Data Encryption Practices
LastPass employs a zero-knowledge security model, ensuring that the company does not have access to users' vault contents. The data within these vaults, including credentials and personal information, are encrypted using password-based key derivation function 2 (PBKDF2). PBKDF2 is a key derivation function that is used to reduce the vulnerability of encryption keys to brute-force attacks by making it computationally expensive to derive the key from the password. I think it’s important we understand how it benefits credential vaults:
- Slow hashing: PBKDF2 intentionally takes longer to compute. By running the hashing function multiple times, it significantly increases the time required to test each password guess, making brute-force attacks much less feasible.
- Key stretch: It stretches the original password into a longer key or a set of keys. This means that even if two users choose the same password, the derived keys can be different due to the use of a salt (a random value added to the password before hashing), which is unique per entry.
- Salt addition: As described above, PBKDF2 uses a salt, which adds randomness to the hashing process. This prevents attackers from using precomputed tables (rainbow tables) to crack passwords, as each password hash will be unique even if passwords are the same.
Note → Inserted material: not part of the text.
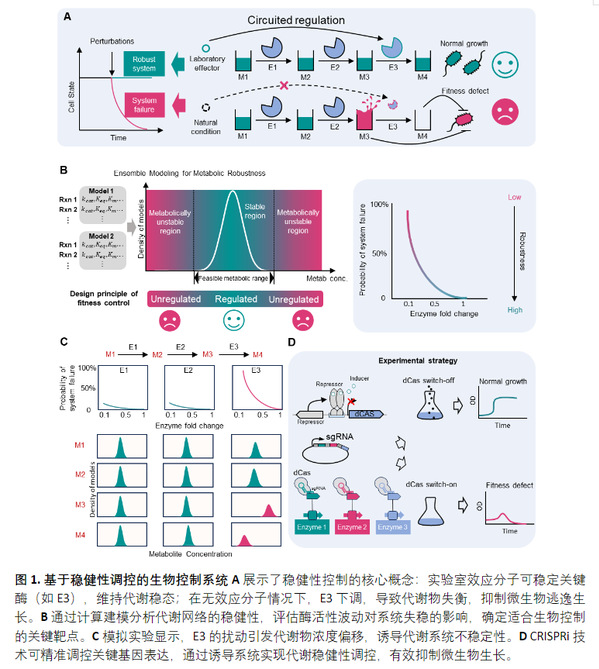 为了克服上述局限性,华南理工大学生物科学与工程学院熊伟教授团队提出了一种全新的代谢稳健性调控方法。利用计算建模工具,预测并锁定了微生物核心代谢网络中的关键靶点,这些靶点对代谢网络的稳健性具有显著影响。通过CRISPR干扰技术,研究团队能够在实验中精准调控这些基因的表达,定量控制微生物适应度,进而抑制微生物的生长。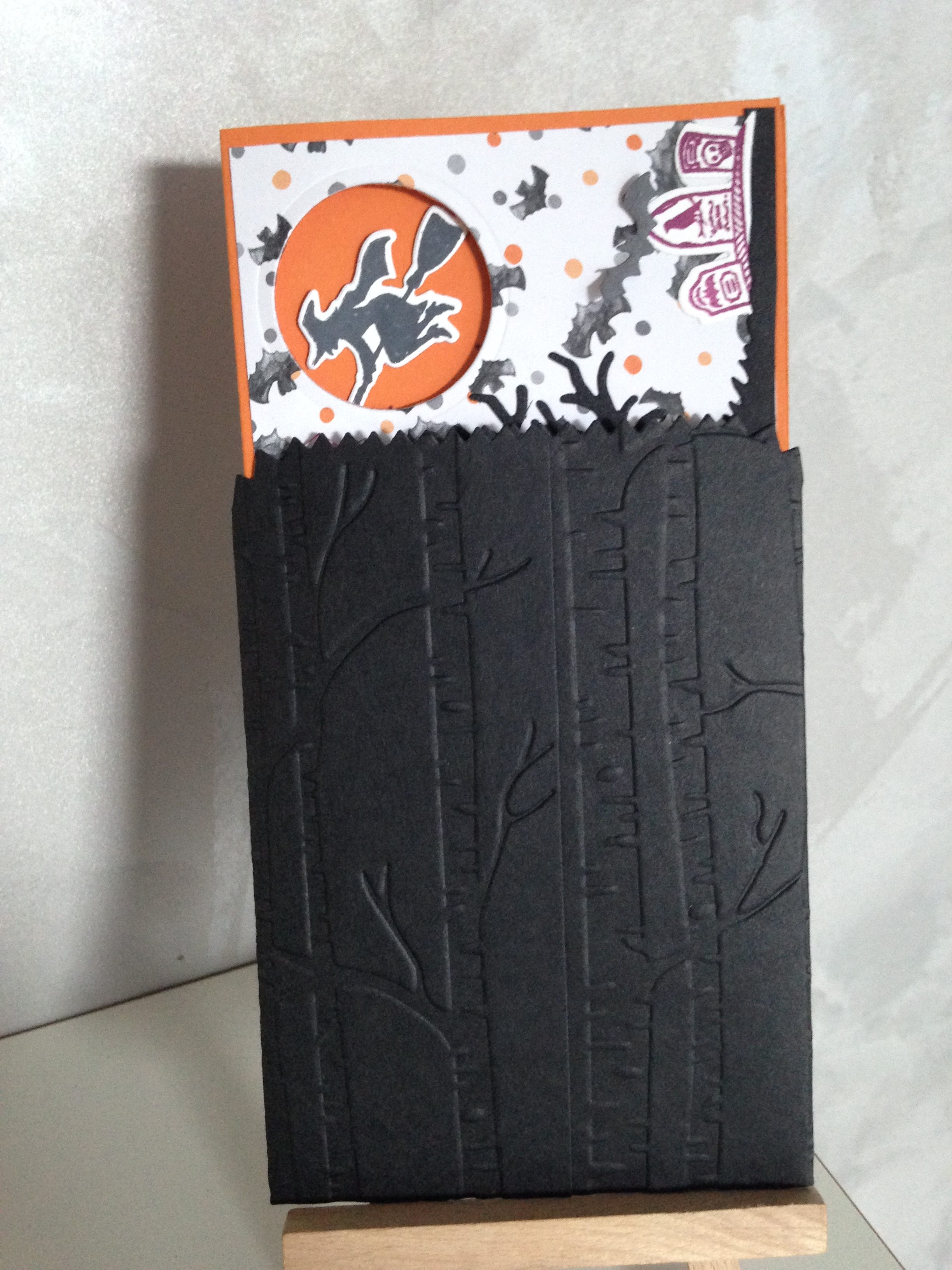 Une magnifique pochette relief arbre et un jeu de chauve-souris tampon et relief ! Excellent, ça donne des idées !

- Security in storage: In credential vaults like LastPass:
- Password protection: PBKDF2 helps in securely storing passwords. When a user saves a password, it's not stored in plain text but is hashed using PBKDF2, making it difficult for anyone with access to the storage to read the passwords.
- Key derivation: The derived key can be used for encrypting other data in the vault or for authentication purposes. This means that even if someone gains access to the encrypted data, without knowing the original password, they can't derive the key needed to decrypt it.
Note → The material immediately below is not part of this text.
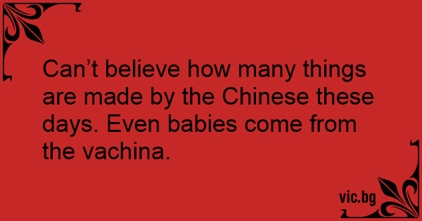 Can’t believe how many things are made by the Chinese these days. Even babies come from the vachina.

The company is also in the process of encrypting URL fields, aiming to encrypt everything feasible without compromising user experience.
- Encryption improvements: LastPass has been enhancing their encryption capabilities, notably by encrypting primary URL fields to prevent credential-URL linkage in breaches.
- Zero-knowledge encryption: Using PBKDF2, LastPass ensures that even they cannot access the encrypted data within users' vaults.
- Field-level encryption: Each data field within the vault is encrypted, covering not just passwords but also personal details like names and credit card numbers.
Source: LastPass, Analyst Briefing Demo (October 2024)
Vault Content Protection
The security of LastPass vaults is multifaceted:
- Secure vaulting: Encrypted storage for all sensitive data.
- Multifactor authentication (MFA): Access to the vault requires an additional security layer.
- Dark web monitoring: Alerts users if their data is compromised and publicly exposed.
- Integration with SIEM platforms: For enhanced security monitoring and response.
- SaaS app discovery: Upcoming features will allow IT admins to monitor and control application access.
Source: LastPass, Analyst Briefing Demo (October 2024)
Passkey (FIDO2) Support
Looking forward, LastPass is developing support for Passkeys based on FIDO2 standards. Currently in internal beta, the feature is slated for a broader release in mid-2025, starting with consumer-focused applications. This move aims to position LastPass at the forefront of adopting emerging authentication technologies.
Account Recovery and Digital Legacy
For “break-glass” functionality and users facing account access issues, LastPass provides:
- Emergency access: Allows users to designate emergency contacts with vault access.
- Recovery options: Users can use recovery codes or seek support for account recovery, ensuring continuity and access in various scenarios.